Hmm? Apa sekarang....? Aku memeriksa sekitar tapi tidak menemukan siapapun selain kami di sini. Orlando menatapku dengan tatapan aneh karena perilakuku yang tiba-tiba. Meru hanya tidur tanpa bereaksi. Kurasa itu hanya imajinasiku jadi aku terus berjalan begitu saja, tapi kali ini suara itu menjadi jelas.
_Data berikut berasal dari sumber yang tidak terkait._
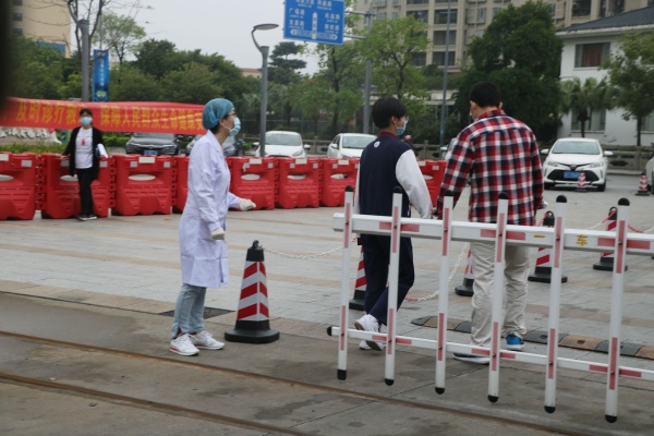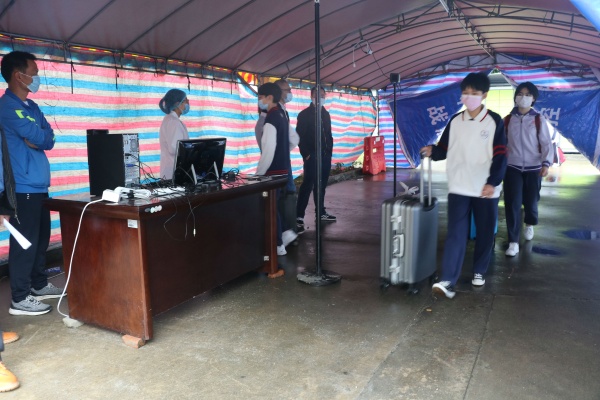 28日早上9:00,所有參演人員及觀摩人員以前后1.5米間隔列隊集中。東升中學(xué)德育處副主任黎國明就演練流程和注意事項作了詳細講解。隨后,初、高中共16名學(xué)生嚴格按照入校流程、根據(jù)地面標識保持間距、佩戴口罩依次入校。值日行政、工作人員對入校學(xué)生體溫進行嚴密監(jiān)測。如發(fā)現(xiàn)體溫異常并伴有咳嗽癥狀學(xué)生,則由身著隔離服的引領(lǐng)員帶到隔離區(qū),校醫(yī)將為其重測體溫,了解相關(guān)信息,并做好記錄。體溫恢復(fù)正常的,進入教學(xué)區(qū);體溫不正常的,向?qū)W校領(lǐng)導(dǎo)匯報。對于沒有流行病學(xué)史的人員,通過電話告知家長接回去;如果家長不能接,按要求及時送到東升醫(yī)院就醫(yī)。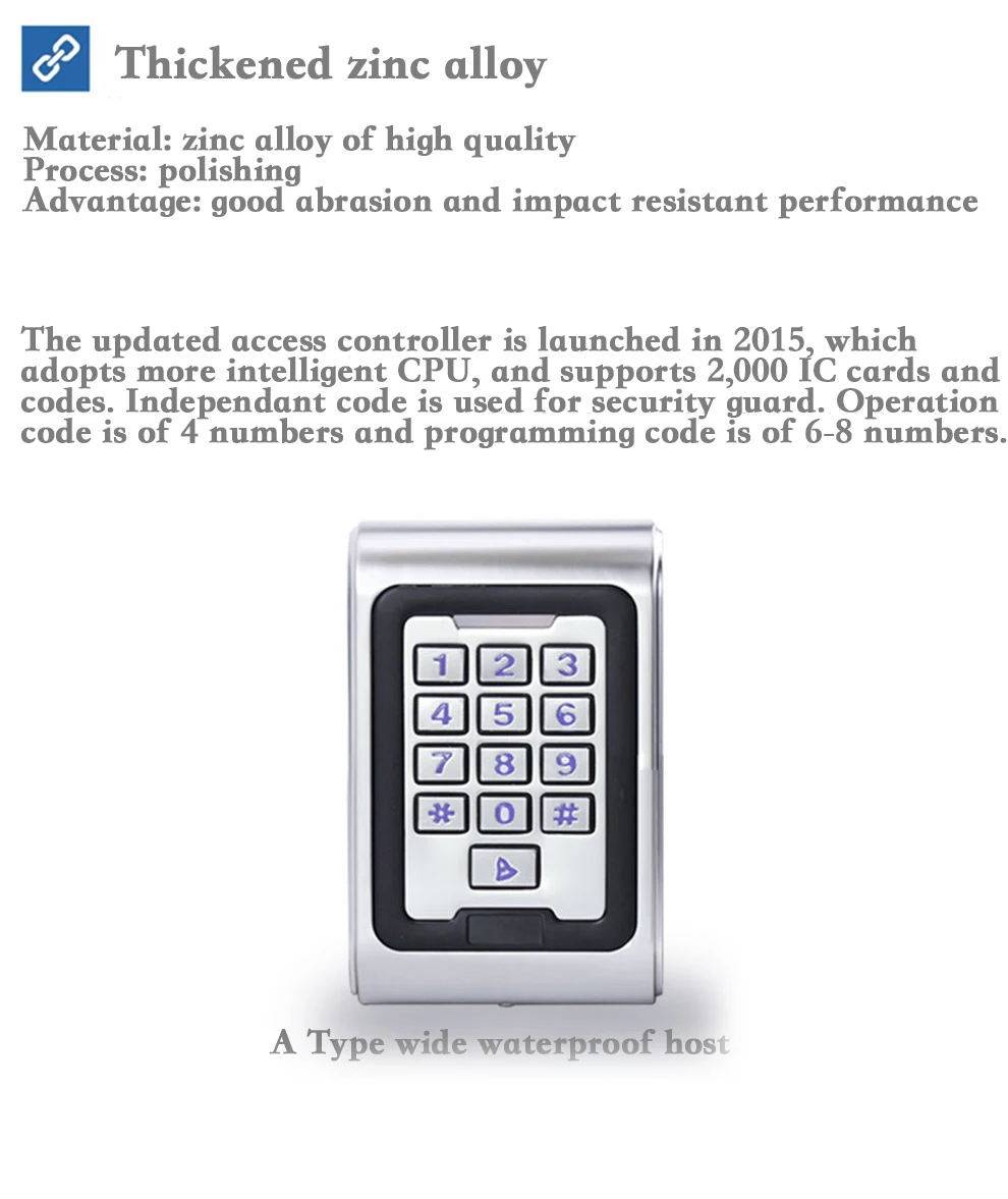 Бесконтактная машина все-в-одном поддерживает открытие по коду и индукции, которая является самым передовым контроллером для одной двери. И две модели соответственно поддерживают два вида IC карты, которые являются EM и MIFARE. Контроллер имеет особый корпус, чувствительные кнопки и процессор с отличной защитой от помех, безопасностью и надежностью. Он предлагает защиту для 2000 пользователей. Он широко используется в частных жилых домах, офисах и общественных местах. Преимущества: низкое потребление, keybord с подсветкой, независимый код, выходы wiegand, защита от короткого замыкания на выходе, Магнитная сигнализация, сигнализация, кнопка выхода, дверной элемент, интерфейс, простота в эксплуатации.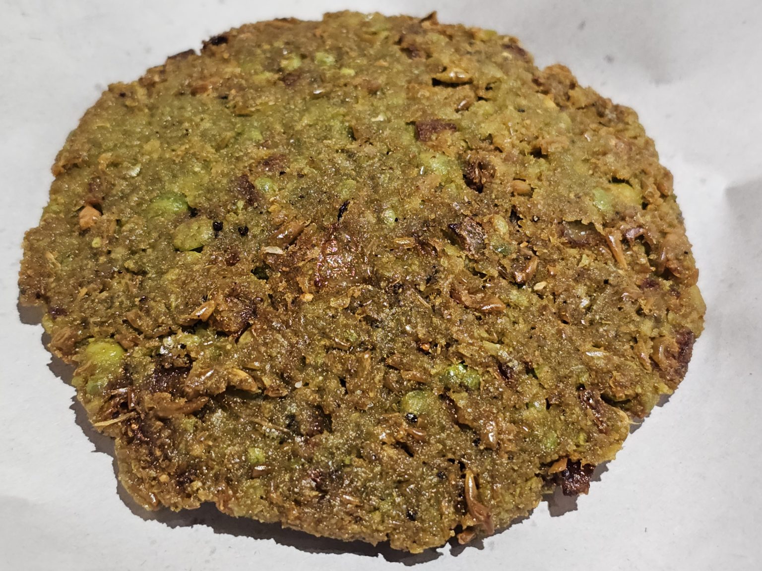 Alternative Text: Green peas vada (an Indian snack) placed in a butter paper

「.....mendegar.... tolong.... siapa...」

Eh? Aku mendengarnya. Aku melihat sekeliling lagi tapi tetap tidak bisa menemukan sosok manusia.... hantu? Seperti yang diharapkan aku tidak mampu menendang atau memukulnya. Selagi aku bertanya-tanya soal apa yang harus dilakukan, Orlando menunjuk ke tanganku.

「Bisa jadi itu dari cincin?」 (Orlando)

「Ah?」 (Wazu)

Begitukah, aku memakai cincin pasangan di jari telunjuk kiriku saat ini. Maka, suara wanita yang kudengar mestinya datang dari cincin.

「Tolong aku.......」

*kabooooom!!!!!!!!!!!*

Sewaktu dia mengatakan itu, ledakan api naik dari arah hutan di depan kami. Orlando dan aku menatap satu sama lain dan mengangguk. Kami berlari menuju hutan tempat ledakan berasal yang terjadi sebelumnya.

Ada tiga pria di sana. Dua orang yang memegang pedang memakai zirah dan perisai merah. Satu lainnya yang memegang tongkat mengenakan jubah merah. Aku tidak bisa melihat wajah mereka dengan jelas dikarenakan helm dan tudung mereka.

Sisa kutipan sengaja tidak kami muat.